Ouh la, wait, I'm not _against _it but I just hope other things are done as well for spelling. I was surprised to see the state of spelling in England for instance. But if you do both, that's alright then


----------



## lizzeymac

I am a bit surprised at the reactions to it as well. We are not talking about parent-driven children, are we?  We are speaking about voluntary participation.

In terms of the benefits offered by studying for spelling bees, I can't say better than Jinti's excellent counterpoint:



> The kids who can compete at a high level (not necessarily national, but let's say at least at their school level or higher) are studying definitions, etymologies, Latin and Greek roots/prefixes/suffixes, etc. They're learning to recognize patterns associated with meanings at a rather sophisticated level.  They are NOT just randomly memorizing a bunch of spellings. (In fact, spelling bees generally give the kids the definition of the word as well as the word contextualized in a sentence and the definition, upon request, so that they can better draw on what they know.) That's how they handle all those foreign words and the other really tricky ones. Not straight memorization.
> 
> The idea is that even if they never use those exact words in conversation or budget reports when they grow up, they've learned a lot along the way that will serve them well.

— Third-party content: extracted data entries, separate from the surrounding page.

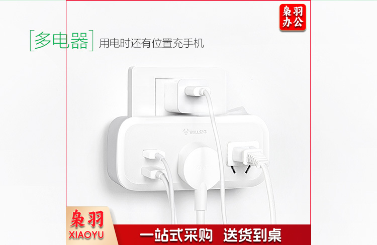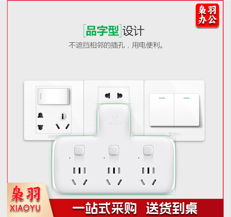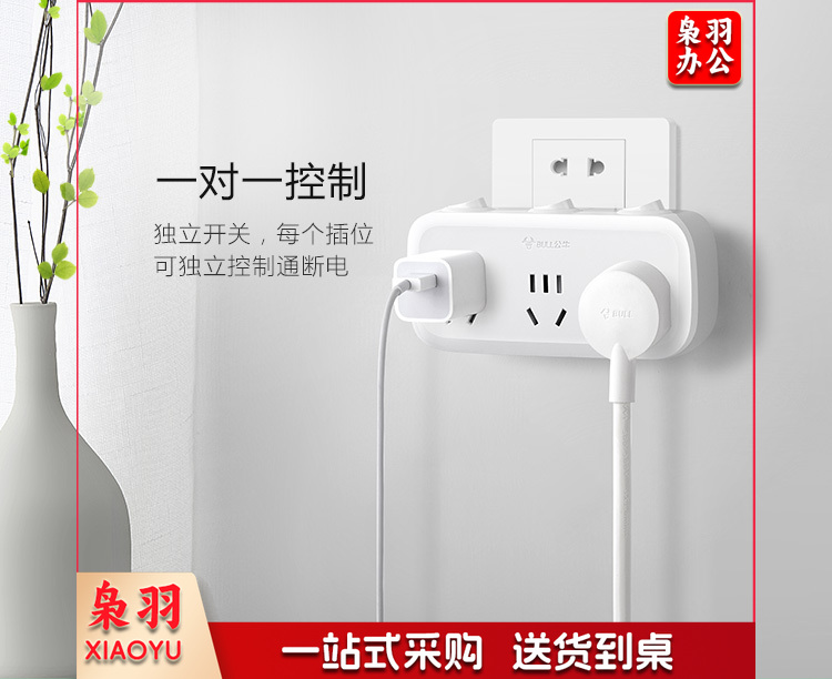 公牛(BULL)插排 多功能插座/一转多保护门/ 扩展转换器 /适用于卧室、厨房 GN-9323 分控开关一转二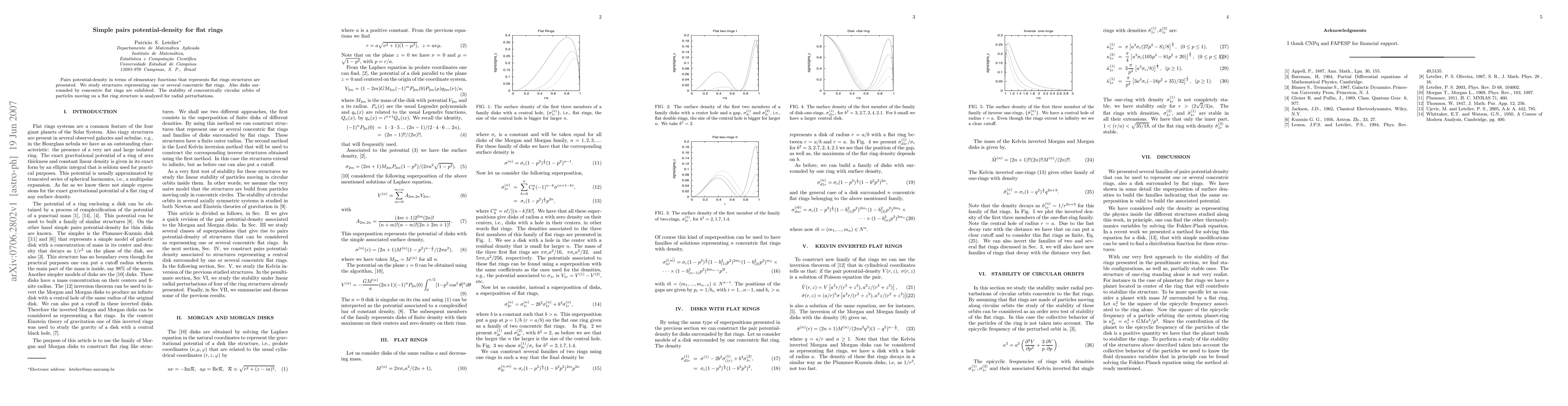 This paper introduces a simple pairs potential-density for flat ring structures using elementary functions, and examines the stability of concentric circular orbits under radial perturbations for particles moving within these rings. It also explores configurations involving concentric rings and disks surrounded by flat rings.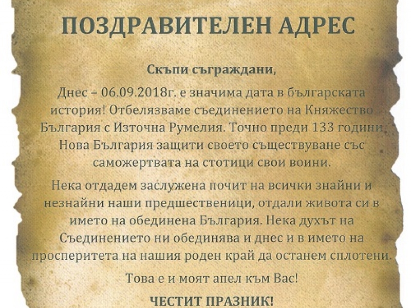 Нека духът на Съединението ни обединява и днес и в името на просперитета на нашия роден край да останем сплотени.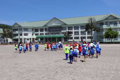 3限、1年〜3年は、グラウンドで下学年リレーの練習でした。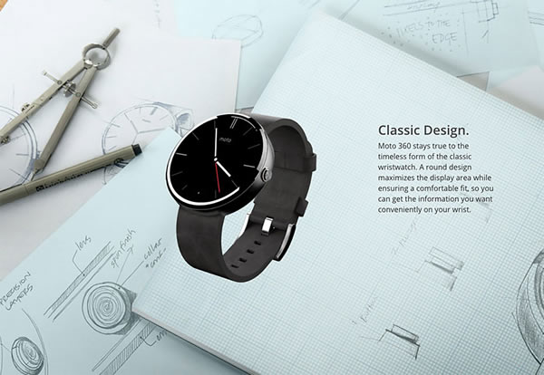 这是摩托罗拉首次杀入智能手表市场,其Moto 360是公司的旗舰产品,因此一定要以一种创新、有趣地方式展示出来。滚动登陆页你会看到以动态UI展示的手表装配过程。其中比较讨巧的一个元素,就是手表图片上显示的是当前实际的精确时间。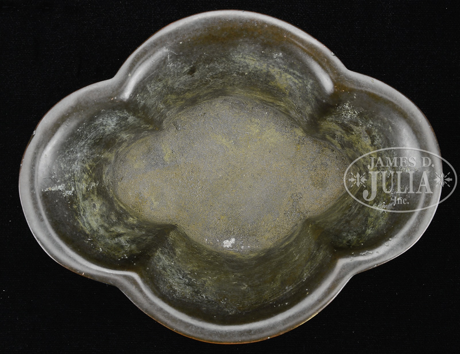 BRONZE CENSER.18th century, China. Lobated form with flower feet. Gold splashed “sun spot” type. 4 character hallmark on the base. SIZE: 5-1/2″ x 4-1/4″ x 3″ h. CONDITION: Very good. 9-91435 (300-500) – Lot 3738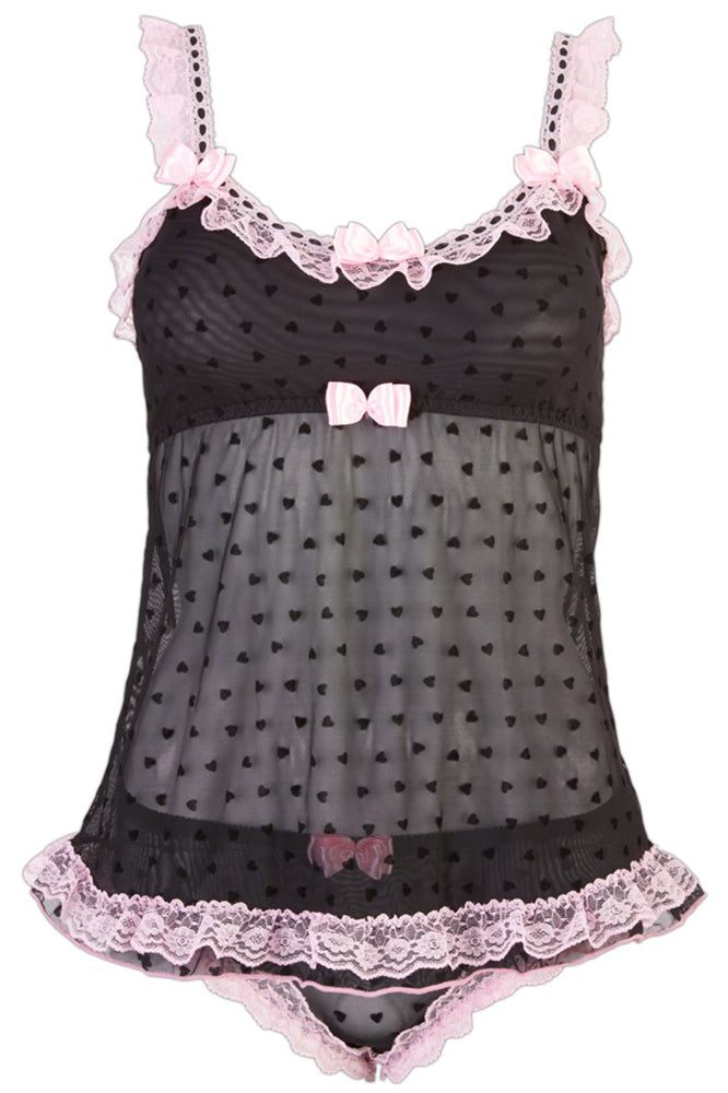 So sweet! Top and panties made out of transparent, black fabric with decorative hearts. Rose-coloured lace and decorative bows finish off the sweet look. The slightly flared top has an elastic seam under the bra part. The bra part is also made out of double-layered fabric. The straps are adjustable. Includes tight-fitting panties.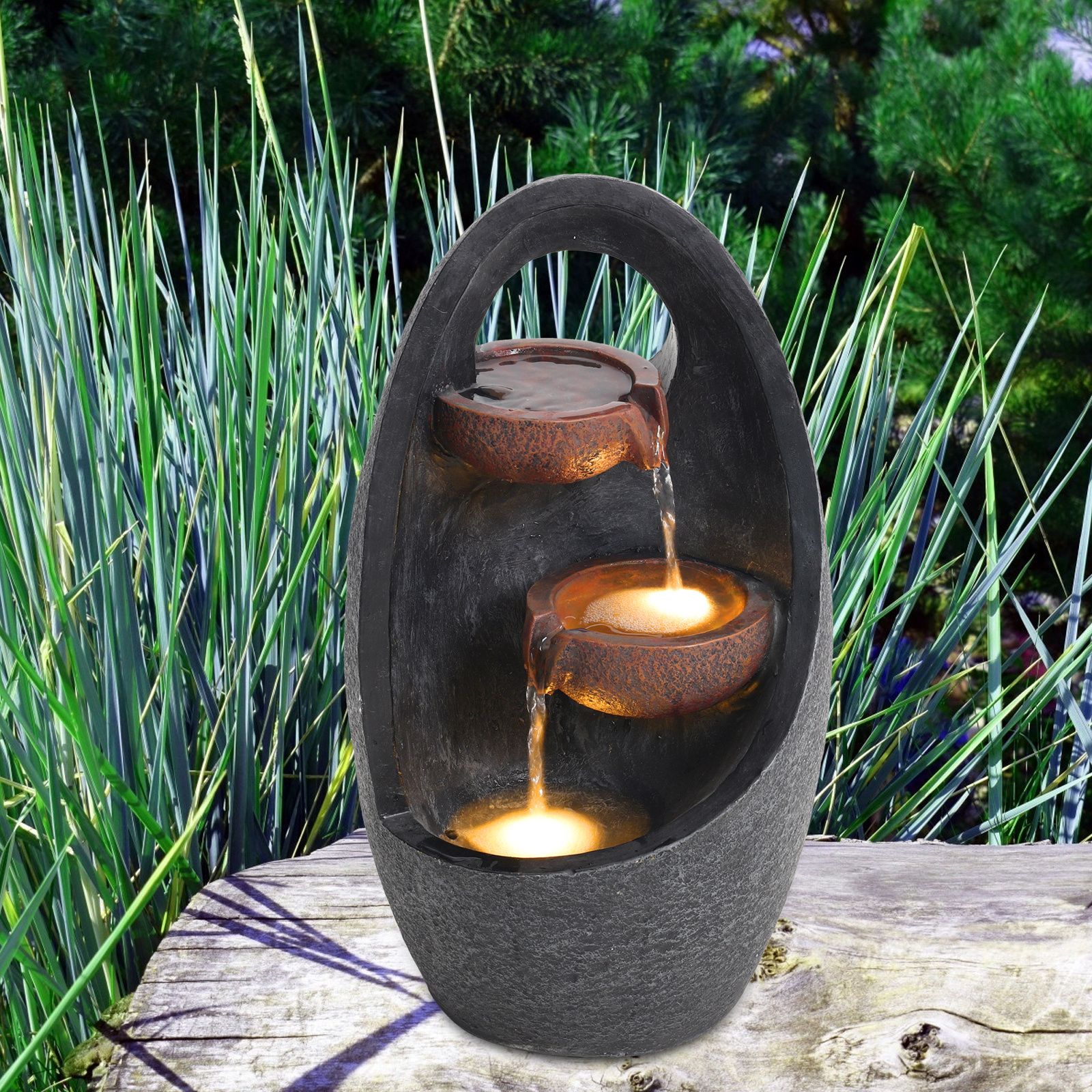 Garden Water Feature Fountain With LED Light Electric Pump Cascade Home Decor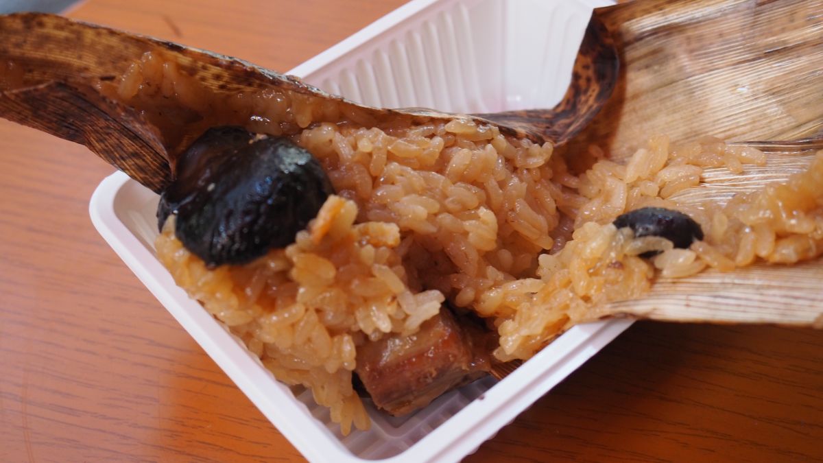 外せないのが、滋賀県信楽産の白苔もち米を使用した名物・ちまき。肉(豚)、鶏、海鮮の3種類から選ぶことができ、中でも一番人気の「肉ちまき」400円は、豚の角煮・椎茸・黒豆・干しエビを贅沢に使用し、竹の皮で包んで風味豊かに仕上げることで抜群の味わいが楽しめます。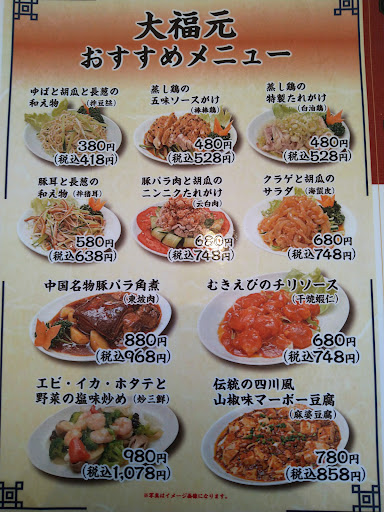 This restaurant is part of a chain. We decided to come here for lunch as we have been to one of these restaurants nearer to our home and found the food was nice. We kept our fingers crossed hoping the food would also be nice here. It got busy as soon as it opened and we were lucky to get a table but had to sit on the tatami. We ordered クラゲと胡瓜のサラダ、むきえびのチリソース、海鮮と野菜の塩味あんかけ焼きそば。The menu seems to have a big selection and the menu itself looks like a novel!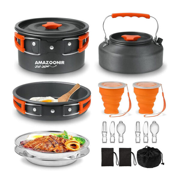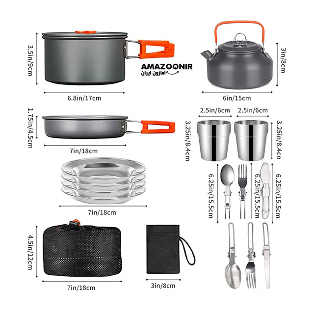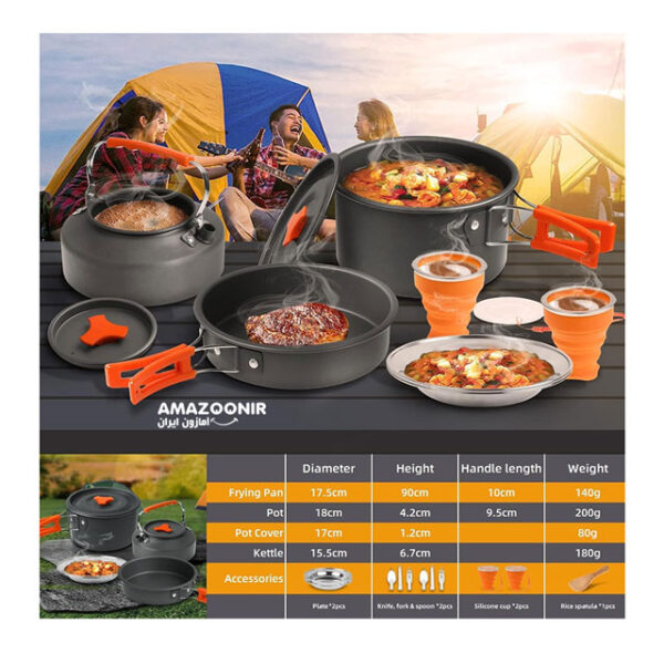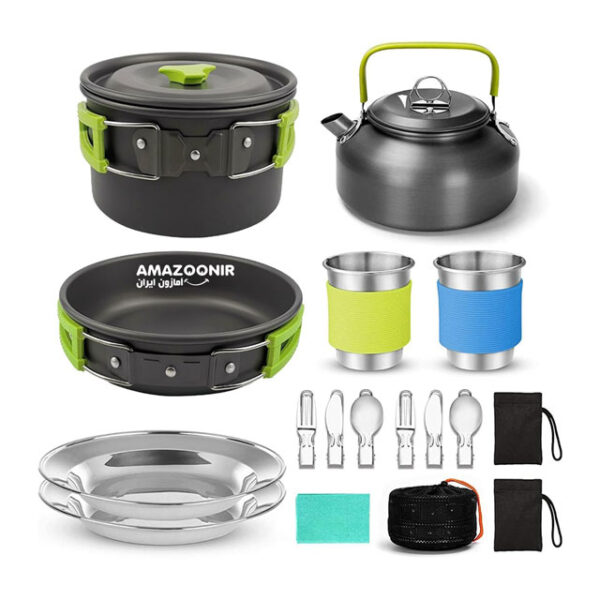 قابلمه، ماهیتابه و کتری این ست از جنس آلومینیوم با روکش نچسب ساخته شدهاند که علاوه بر پختوپز سریع و یکنواخت، شستشو را نیز بسیار آسان میکند. همچنین وجود لیوانها، بشقابها و قاشق و چنگال استیل ضدزنگ باعث میشود مجموعهای کامل و بادوام برای استفاده گروهی در اختیار داشته باشید.

At least one forer@ mentioned that there were many "foreign" words in the competitions.  Read an English dictionary - it's crammed full of "foreign" words.  I am under the impression that English has at least as many words of foreign origin as any other language. In order to navigate our own language it is necessary to study at least some basic concepts of other languages. 

There seems to be a difference in perception between athletic competitions and scholarly competitions. The spelling bees are the academic equivalent to the athletic competitions which are the path to high school and college sports (and college scholarships)  and potentially, the Olympics.  Why is participating in spelling bees considered so very different from competing in gymnastics or soccer or tennis or fencing or swimming races or other sports teams?  And how is this different from chess competitions?  Or debate team and forensic speaking competitions? These are all voluntary competitions.  Is _any_ kind of competition for children considered unhealthy outside of America? 

I think there are more than a few misconceptions about the difference between  spelling bees at the national, state, and regional levels, and the "normal" spelling bee that might happen in an English class. Children who decide to enter higher level competitions do their studying on their own time or with private coaches, not in their regular classes.

Holding a spelling bee in an English class is not that much more competitive & stressful than the everyday activities in class. In the course of any regular class the teacher asks a question and some or all of the students raise their hands to indicate they have an answer.   Whoever the teacher selects has to stand up in front of everyone and present their answer. It's possible that their answer will be incomplete or "wrong," and some other student will stand up and give the "correct" answer.   I remember that as being fairly stressful competition, especially when I was the person giving the wrong answer. Children do this all day long in school, in every class. A spelling bee is usually just a way to make studying vocabulary fun.


----------



## ILT

We don't have spelling bees in México, being our language mostly phonetical it would be kind of boring. However, truly bilingual schools in the northern border hold spelling bees as part of their English curricula. As mentioned above, all children have to study to participate in the school's internal spelling bee, but competing with other schools is reserved to the ones with the skill and the will.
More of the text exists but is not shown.